Ich hatte mir den Wecker gestellt. Heute ist Dienstag, mein EMS Trainingstag und ein sogenannter "Tu-es-Day" *lach*. Ich hatte gestern Abend kurz den Gedankenfurz, diesen Termin zu känzeln und meinem Trainer eine Nachricht zu schicken. Stop, dachte ich mir, was ist das denn für ein Bullshit?? Wie oft machst Du diese Woche noch Sport? Genau, nämlich gar nicht mehr. Beweg Deinen Hintern. Freitag bin ich wieder nicht beim Tennistraining. Da liegen die Prioritäten auf's Lernen. Da geht es wieder zu einem Workshop. Also komm in die Handlung.

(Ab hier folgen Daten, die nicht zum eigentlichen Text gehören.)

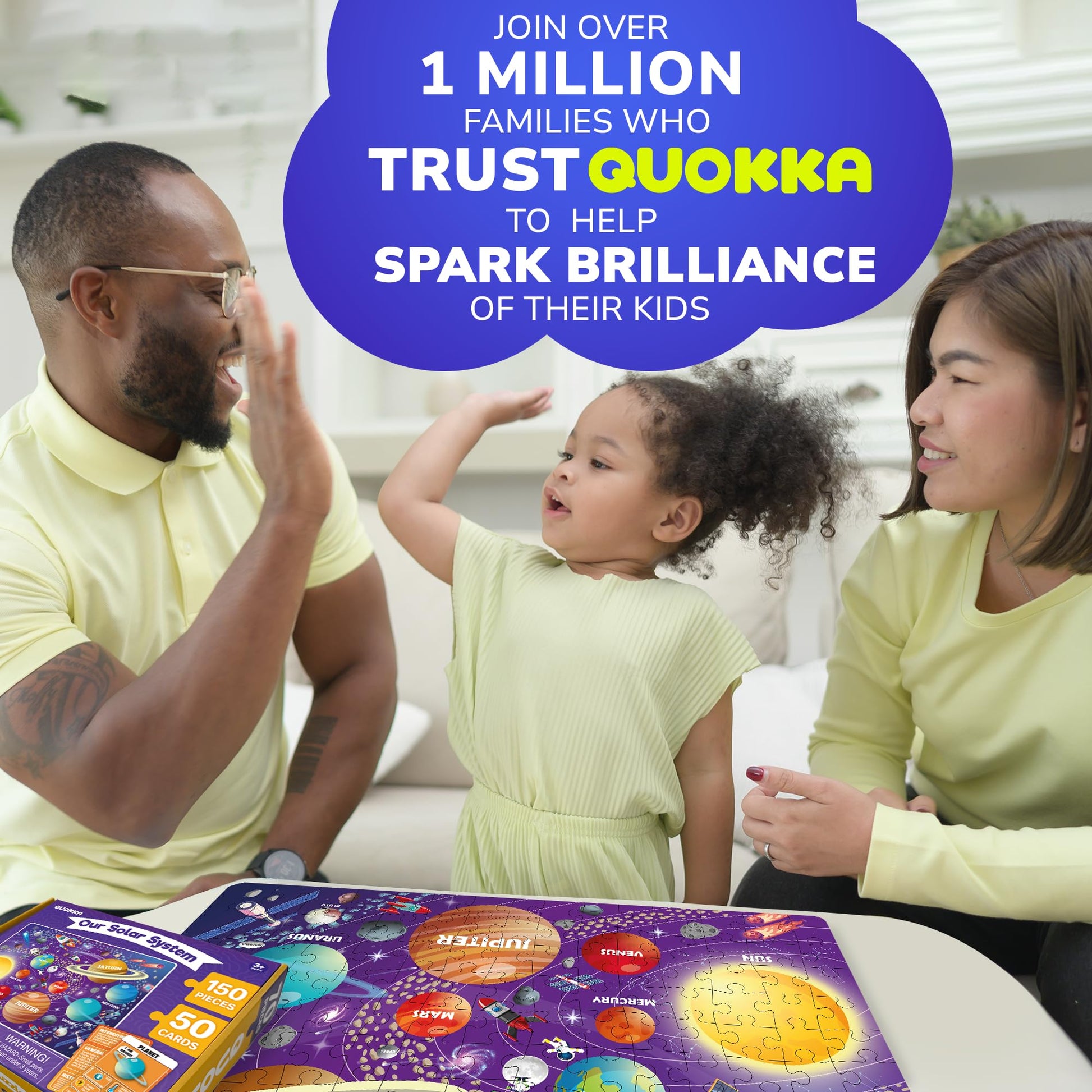 Quokka Puzzles For Kids Ages 8-10 - 150 Pcs Jigsaw Puzzles For 6-8 Year Olds - 400+ Facts On 50 Double-Sided Flashcards | Learn Space | Education Activity Gift - Shaped Puzzles For Toddlers 4-6
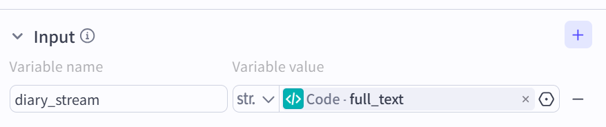 添加code块,input参数为LLM节点的输出结果,output参数是
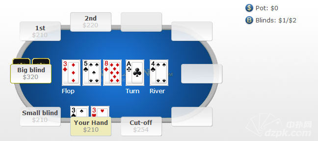 翻牌前3bet是这手牌最大的错误。口袋对子在多人底池中非常好打,所以不要在翻牌前用它3bet,这样很容易会把鱼拒之门外。你只需要跟注并希望鱼也跟着进池。这样当你在翻牌击中暗三后就能轻松赢光他的筹码了。虽然这手牌鱼做了跟注,但这毕竟是特例,你不可能总能看到鱼每次都跟注一个3bet的。所以一旦拿到适合多人底池游戏的牌型,只需跟注并鼓励后面的鱼也跟进来就好。
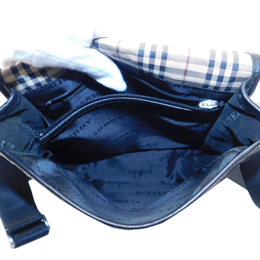 1円■バーバリー/ショルダーバッグ /ブラック系/ナイロン×レザー/おでかけ/普段使い/BURBERRY ■E.Ble.tI-12[中古]
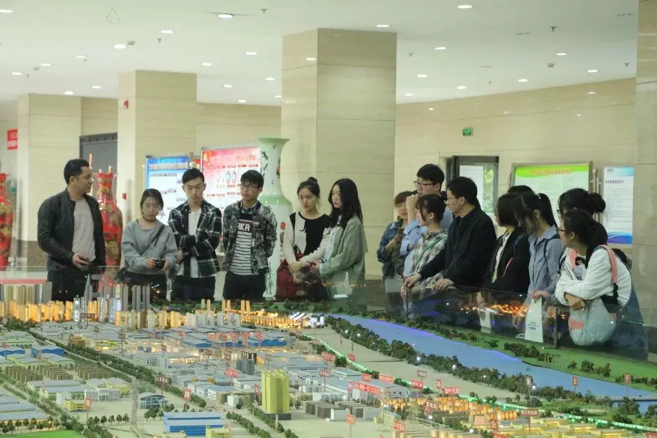 在实地走访调研过程中,合力叉车、华菱汽车、特达液压的负责人分别对其企业文化、发展历程、产品技术研发、市场情况、车间生产线产业布局进行了详细的讲解。在园区机关一楼沙盘处,园区产业发展服务局负责人向全体同学详尽地介绍了园区的产业布局,发展前景以及园区人才需求,并希望更多大学生多到园区来学习实践,加入园区产业建设与工业发展的队伍中来。
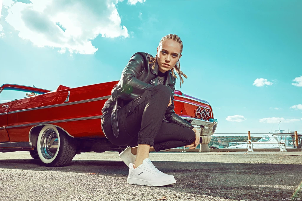 nature of the pose and the choice of vehicle.
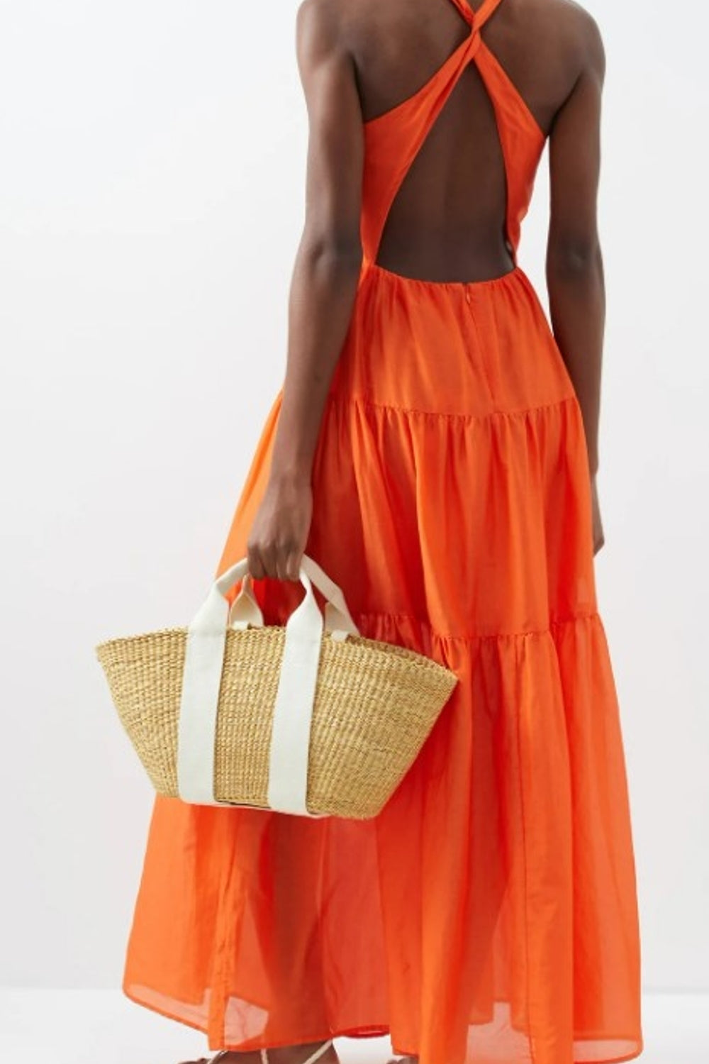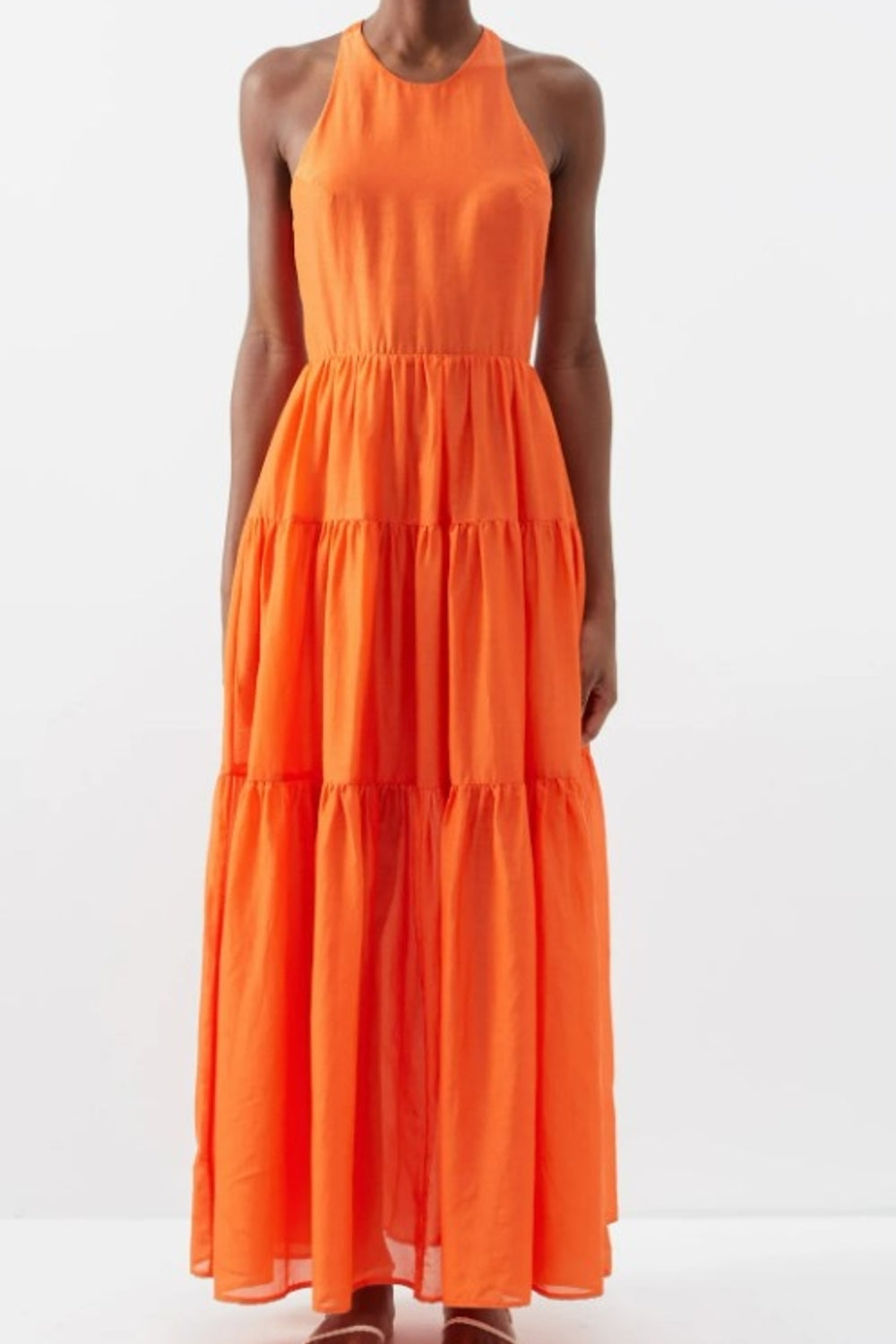 Type-Brampton Orange Dress, Color-Orange, Neck type-Round Neck, Sleeve Length-Sleeveless, Fit-Regular, Fabric-Rayon
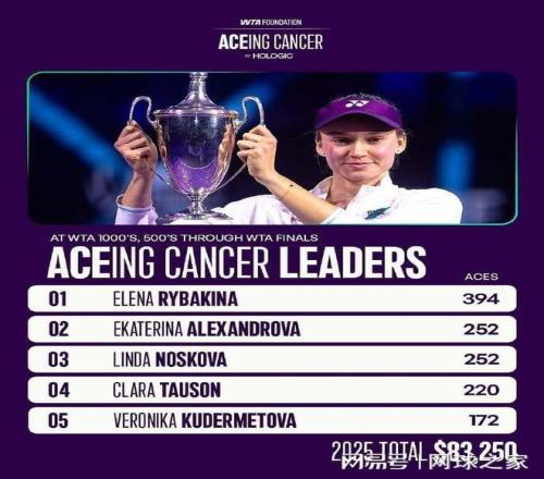 另外,北京時間昨天,WTA官宣了ACEing Cancer慈善活動年度報告。這項由WTA基金會與Hologic合作發起的活動旨在為癌症研究和致力於抗擊女性癌症的非營利組織提供資金支持。在WTA1000、WTA500級別的比賽以及WTA年終總決賽當中,球員們發出的所有Ace球都將轉化為捐款。本賽季,這項活動的捐款總額達到83250美元,其中,哈薩克斯坦名將萊巴金娜以394記Ace球位居榜首。
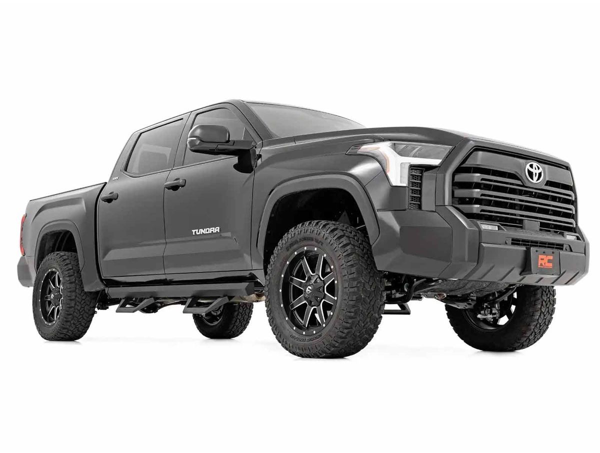Rough Country 3.5" basic lift kits give your truck, Jeep, or SUV better off-road performance and the ability to equip larger wheels and tires than original equipment. Available for a wide variety of trucks, each lift kit contains all the components and hardware you need to lift your vehicle. Depending on your truck's factory suspension, the kit can contain anything from simple strut tower spacers and lift blocks to torsion keys, additional leaf springs, drop spindles and more. With a Rough Country suspension lift installed, you'll have an easier time negotiating tough off-road terrain. Some kits can be installed at home, but professional installation and a post-lift alignment are strongly recommended. Upgrade your truck's off-road capability with a Rough Country 3.5" basic lift kit.
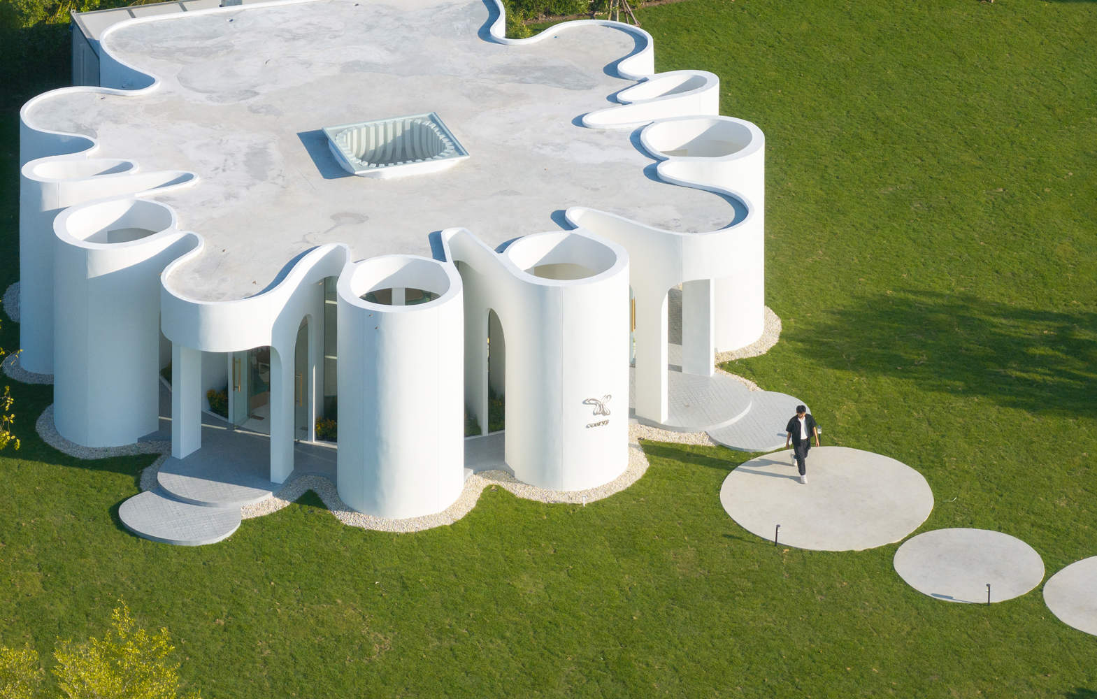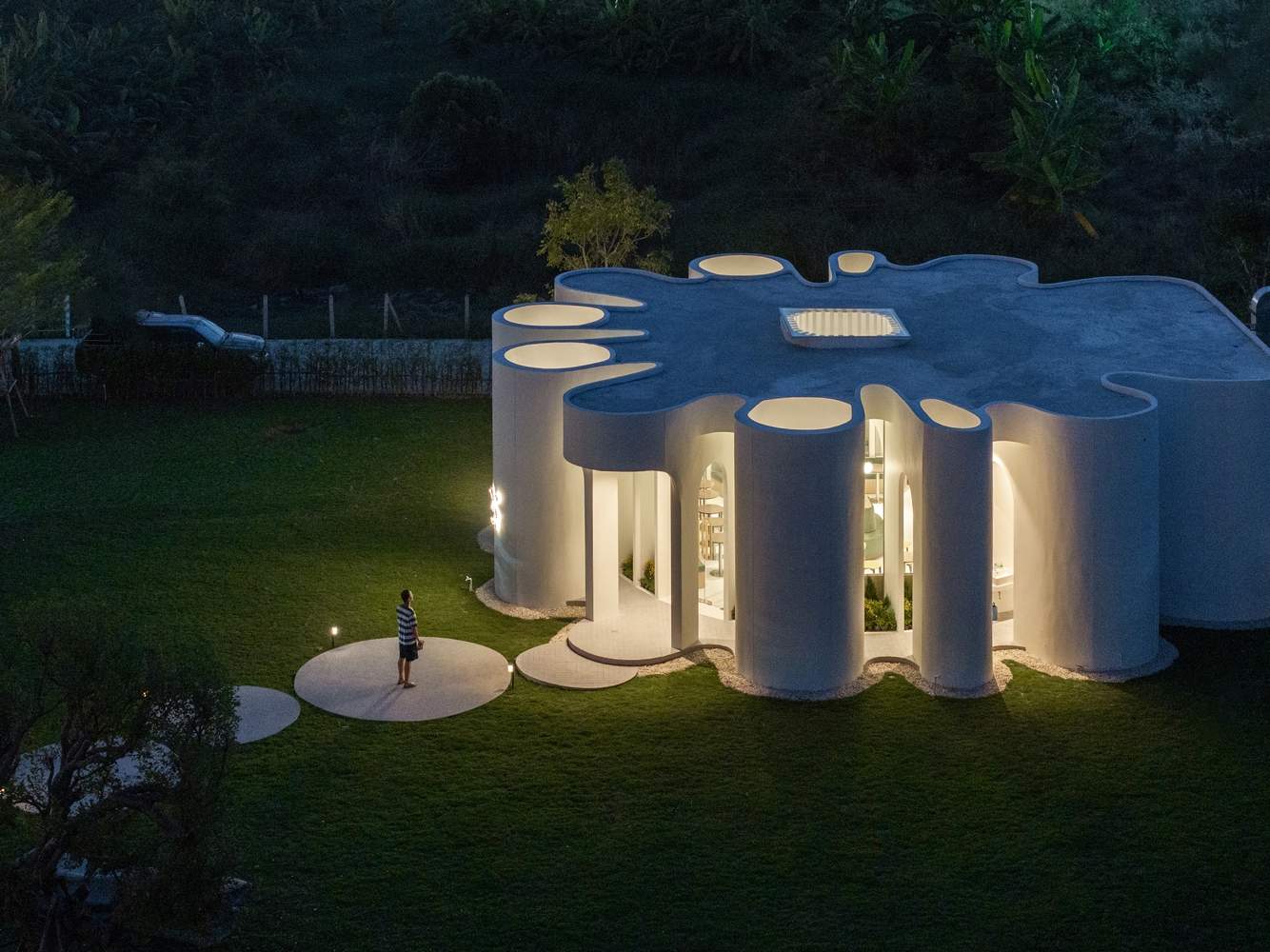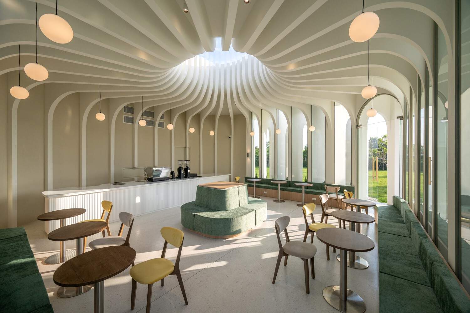 几何语言的有机表达:项目的精髓在于它对“绽放”概念的完美诠释。设计师从现场自然生长的花朵中汲取灵感,将花朵的径向对称性转化为一种独特的几何语言。这种抽象的设计手法,将自然的曲线提炼成一种富有韵律的“日出线”和径向结构,巧妙地呼应了花瓣的动态。这种设计语言不仅体现在建筑的平面布局上,更体现在建筑的结构和空间组织中。建筑师通过对曲线的运用,创造了一种流畅、开放的空间体验,为顾客带来独特的感官享受,也使得建筑本身充满了生命力。

Ich wache mit richtig guter Laune vor dem Wecker auf. Gut, dass ich das EMS Training nicht abgesagt habe. Gut, dass es für ein kurzen Moment nur ein nicht  dienlicher Gedanke war, den ich direkt ins Positive umgewandelt habe. Wie einfach das geht. Quasi eine Selbstmanipulation. Klar, ich bin zu 100% für mich verantwortlich, also darf ich auch in die Handlung kommen.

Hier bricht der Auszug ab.